Lights everywhere extinguished,
Calm everything, moon shines
one from heavenly height
25. and quiet camp illuminates.
In tent alone old man not sleep;
he before coals sits,
Warmed their last heat,
and in field far gazes,
30. night covered with haze.
His young daughter
went for walk in desolate field.
She got used to independent will,
she will come;  but now already night

35. and very soon the moon will leave
 heaven far clouds, -
 Zemfira very much not;  and getting cold
 poor dinner of old man.

 But here she;  behind her
 40. through the steppes young man hurries,
 gypsy completely he unknown.
 "My father, - says maiden -

 lead I guest;  behind mound
 him in wilderness I found
 45. and in camp for night I called.
 He wants to be as us a gypsy;

 him is chasing law,
 but I his girlfriend was
 His name is Aleko - he
 50. ready to follow me everywhere. "

Old Man

 I am glad.  Stay till morning
 under canopy of our tent
 Or stay with us and share
 as you want.  I'm ready
 55. with you share and bread and shelter.

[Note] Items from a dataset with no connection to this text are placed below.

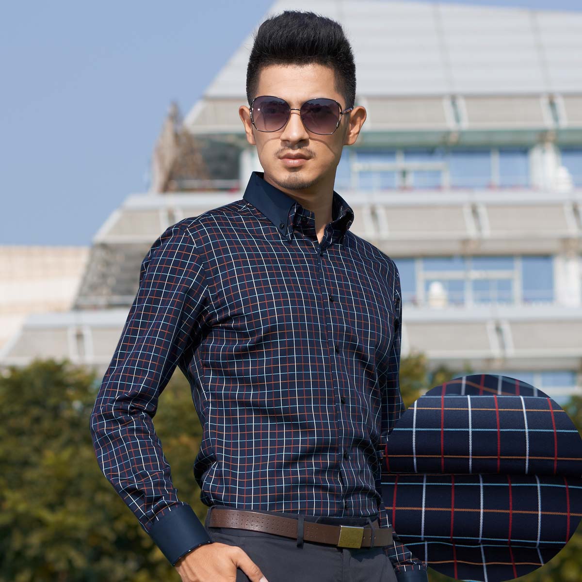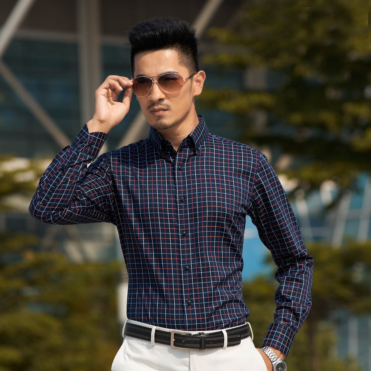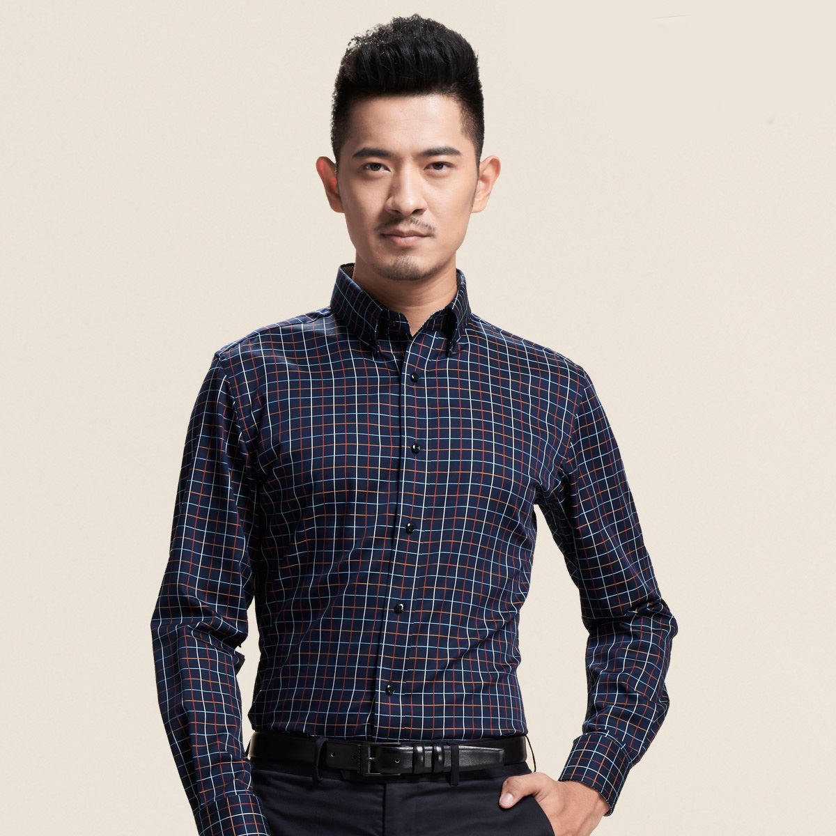 深海男士襯衫男 長袖深藍色大格子潮男式韓版修身休閑純棉 襯衣
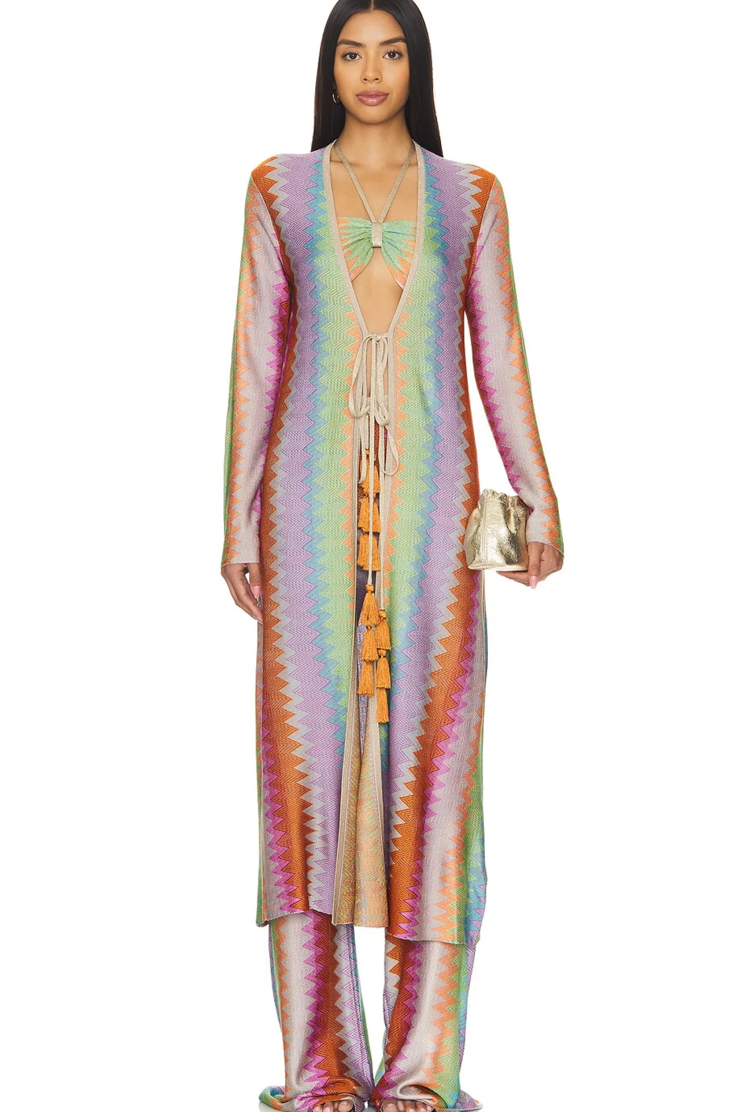 100% viscose.Made in China.Dry clean.Front tie closure
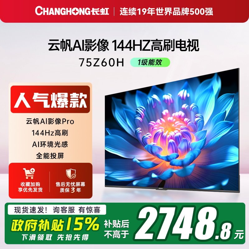 【政府补贴】长虹欧宝丽电视75Z60H 75英寸客厅家用智能电视机
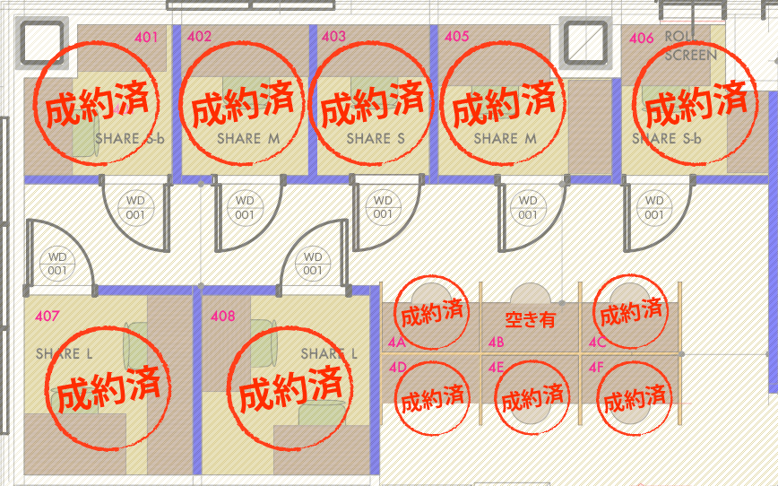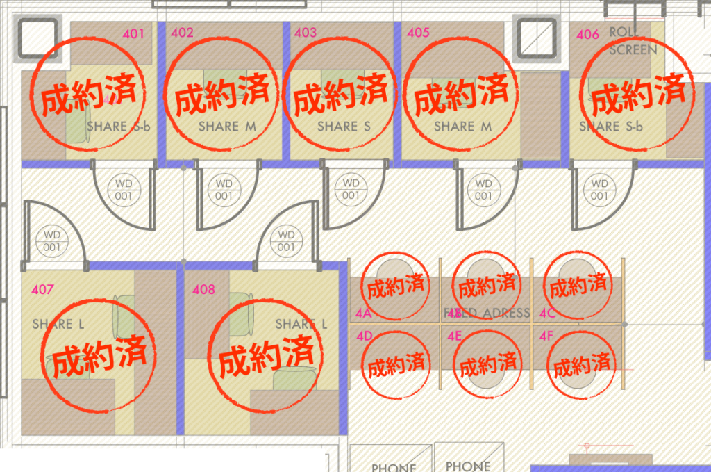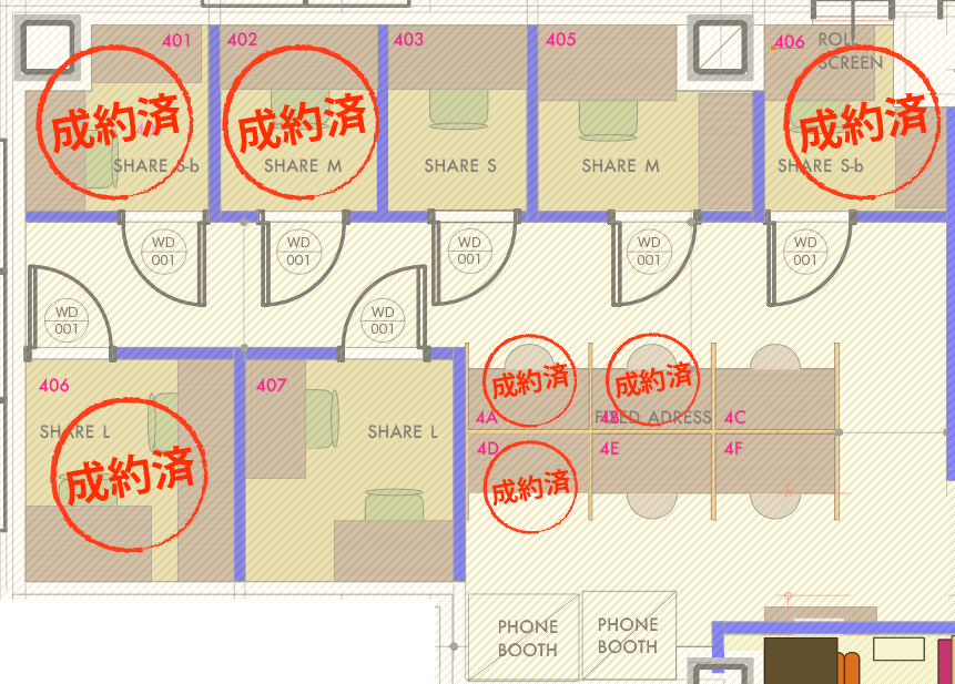 *:個室オフィス・半個室オフィスの空き状況は随時変動いたしますので、お電話またはメールフォームからお問い合わせください。

 Be ours – get used to our lot,
 roaming of poverty and will –

 And tomorrow with morning dawn
 in one cart we will go;
 60. take over fishing any:
 iron working – or songs sing
 and villages go round with bear.


 I am staying.


He will be mine:
65. Who from me him drive away?
But late ... moon young
rest;  the fields covered with gloom
and sleep me involuntarily attends .

Metrical Analysis

The poem is in iambic tetrameters, generally rhymed aBaB:

Цы га ны шум но ю тол пой 4a
 По Бес са ра би и ко чу ют. 4B
О ни се год ня над ре кой 4a
 В шат рах и зод ран ных но чу ют. 4B

Как воль ность, ве сел их ноч лег 4c
 И мир ный сон под не бе са ми; 4D
Меж ду ко лё са ми те лег, 4c
 По лу за ве шан ных ков ра ми, 4D

But there are also sections rhymed aaBaB, abba, etc, as the Russian text above indicates.

Gypsies in Context

The Gypsies is the last of Pushkin's four southern poems, the others being The Prisoner of the Caucasus, The Robber Brothers and The Fountain of Bakhchisaray. It was written in exile on his mother's estate near Pskov in 1824, and published in 1827. Prince Mirsky {2} speaks highly of the piece: 'The Gypsies is among the greatest works of Püshkin. . . The Gypsies are not treated realistically but merely as ideal representatives of a natural state of human society. . . a strong affirmation of freedom. . . and patently a plea for anarchism. It was Pushkin's first attempt at tragedy and one of his greatest. It is less easy to do justice to its poetical beauty, and speaking of it, one is too likely to forget the lesson of restraint that is the best lesson to be learned from Pushkin. The verse, less fluent and volumptuous than in The Captive and in The Fountain, is tighter, fuller, and more saturated with complex expressiveness. Such passages as the old gypsy's tale of Ovid, the end of the poem (with the speech of the old man on Aleko's murder), and especially the epilogue, are unsurpassable summits of poetry.'

Previous Translations

The gypsies has seen several translations. That by G.R.Ledger is firmly modelled in rhyming quatrains, effective but not always following Pushkin's rhyme scheme. {2}

 A noisy multitudinous throng
 The crowd of gypsies streams along
 The plains of Bessarabia. 
 Their camp by the riverside today

 Is pitched and set for their nighttime stay.
 In ragged tents spread far and wide
 Like freedom is their sojourn there,
 Under the skies in the midnight air. 

 Between the wheels of the drawn up carts,
 Half covered with carpets thrown across 
 The bonfire glimmers.  The family starts

 To prepare a meal.  On the steppe nearby
 The horses pasture; behind the tents 
 The tame bear sleeps with an open eye. 
 In the vasty steppes all is noisy and lively:
 The gypsy family's anxiety
 Since the early morn on their short planned journey,
 The children's cries and the women's singing,
 And the sound of the travelling anvil's ringing. 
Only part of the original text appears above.